IdPStatelessClustering
Ordinarily the IdP is stateful in that it stores runtime information in memory to process requests, and must replicate that information across nodes in a cluster. A quick search of the support list archives will demonstrate the complexity of the clustering technology used to replicate this state, particularly for high-volume deployments.
An alternative to this approach is to forgo some features (including one that isn't even supported yet) in return for decreased complexity and increased reliablity by reducing reliance on server-side IdP state.

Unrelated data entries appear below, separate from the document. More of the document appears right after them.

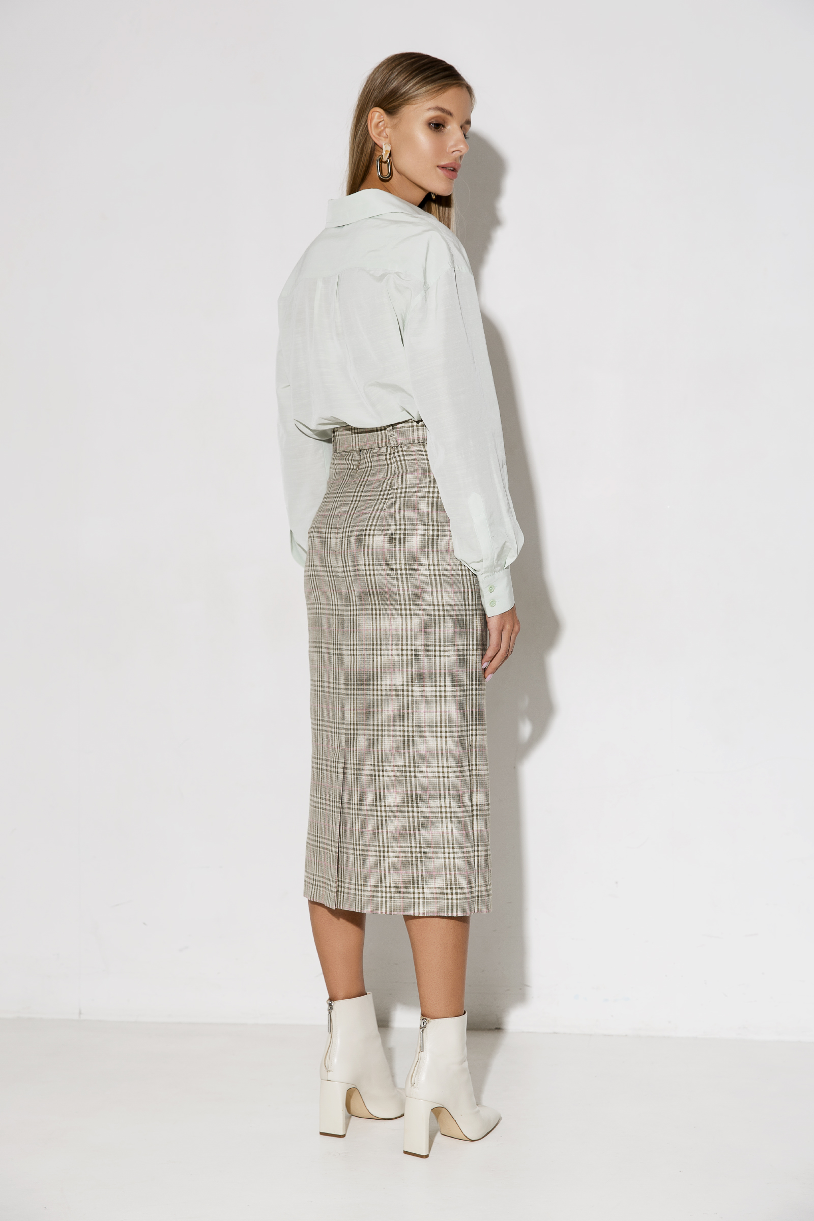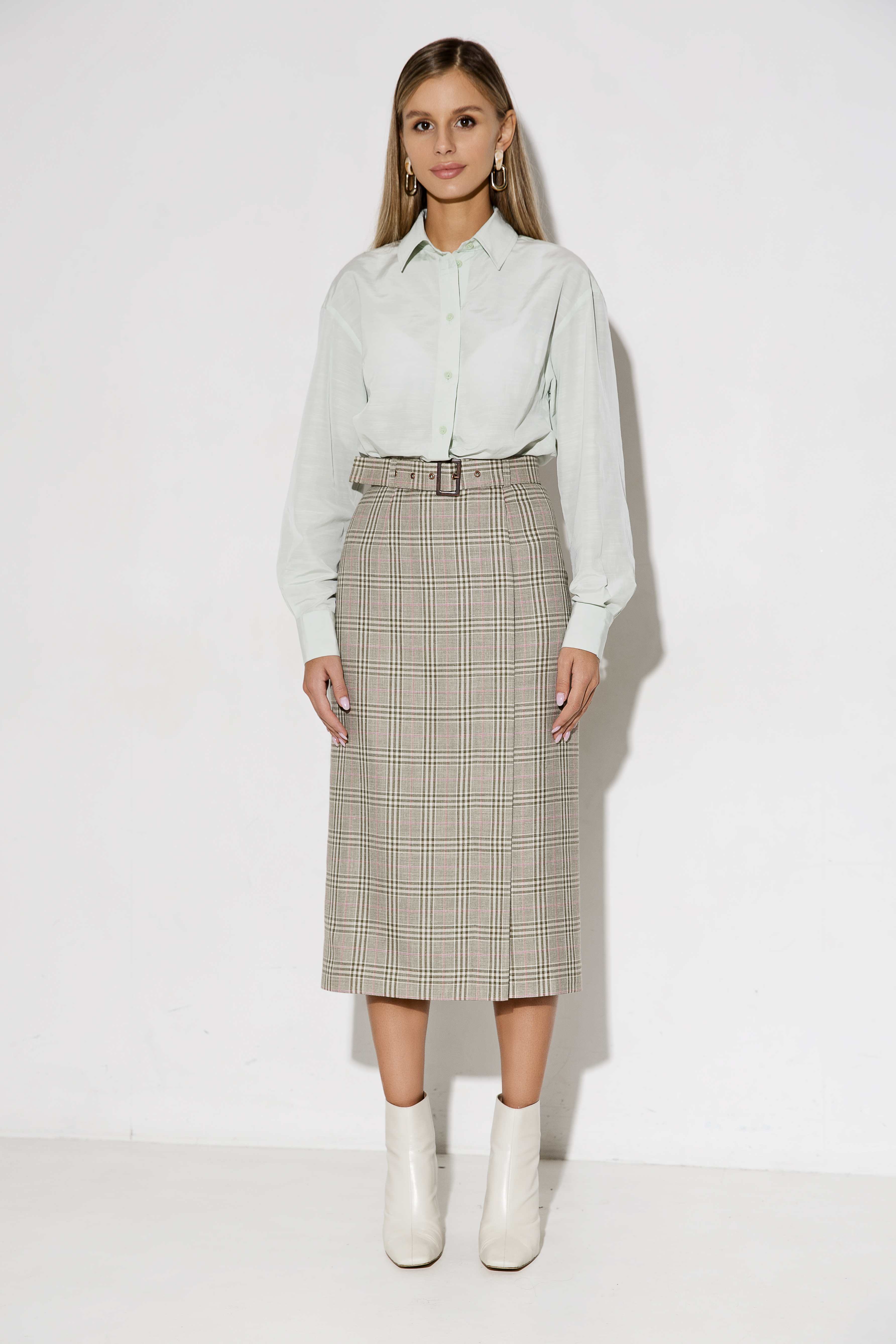 3. Юбка Нина- юбка прямого силуэта, с отлетной деталью, обработанной подкладкой, на переднем полотнище, длина ниже колена. На притачном и съемном поясе. В среднем шве заднего полотнища шлица и застежка на молнию. Шлевки.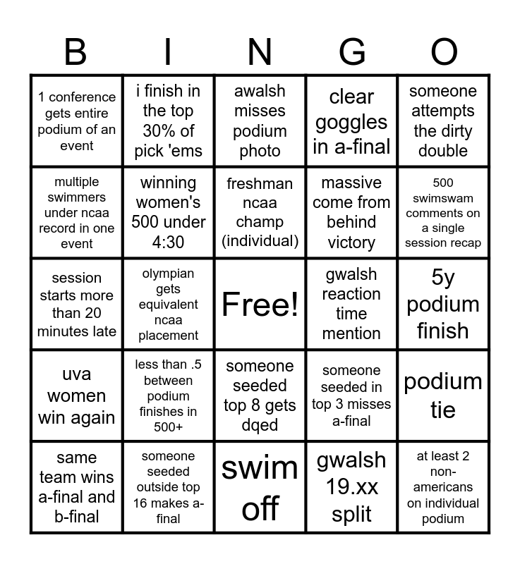 This bingo card has a free space and 32 words: gwalsh 19.xx split, top 8 relay dq, olympian gets equivalent ncaa placement, relay upset, uva women win again, winning women's 500 under 4:30, someone attempts the dirty double, podium tie, i finish in the top 30% of pick 'ems, kate douglass mention, freshman ncaa champ (individual), awalsh misses podium photo, br down kick dq, relay exchange of exactly 0.00, gwalsh reaction time mention, major technical glitch, same team wins a-final and b-final, session starts more than 20 minutes late, someone seeded top 8 gets dqed, less than .5 between podium finishes in 500+, someone seeded in top 3 misses a-final, 800 free relay under 6:00, 5y podium finish, someone seeded outside top 16 makes a-final, at least 2 non-americans on individual podium, clear goggles in a-final, massive come from behind victory, multiple swimmers under ncaa record in one event, 1 conference gets entire podium of an event, swim off, my alma mater scores points and 500 swimswam comments on a single session recap.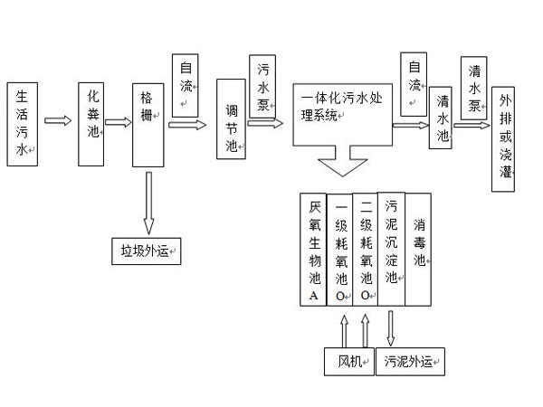 三、一体化生活污水处理设备主要特点: 2、全自动控制,不需人员管理 3、无污泥回流 4、操作简单、维护方便 5、噪声低,无异味 6、使用寿命长。

Use of a stateless IdP login handler does not make a deployment completely stateless. Â The login context is still persisted using server-side state which must be present through the process beginning with the receipt of an AuthnRequest and ending with the issuance of a response. Â There must be either short session stickiness to associate a client with a single node for however long the login process may take(~5 minutes), or replication of the IdP session object itself using a stateful clustering mechanism.
Feature Limitations
Eliminating server-side state (apart from caching) means eliminating any dependencies on the IdP-managed client session and on any mappings maintained in memory. This means the following features are either unsupportable, or must operate differently.
- Artifact Bindings
- Unsupported.
- Artifact mappings are managed in memory and have to be available across nodes because they can be created on one node (via front channel) but then dereferenced on another (via back channel). So no artifact-based bindings can be used.
- Single Logout
- Unsupported.
- Single logout is not supported by the IdP software at this time, but if and when it becomes available, the feature depends on the ability to dereference a user session to retrieve the SPs bound to the session. This can't be done without permanent session affinity for the lifetime of a session, so in general single logout isn't supportable.
- Replay Detection
- Per-Node Only.
- The replay cache is maintained in memory, so only requests sent to the same node can be detected as replayed. This isn't a critical security feature in most cases, and even limited session affinity will often outlast the freshness window anyway.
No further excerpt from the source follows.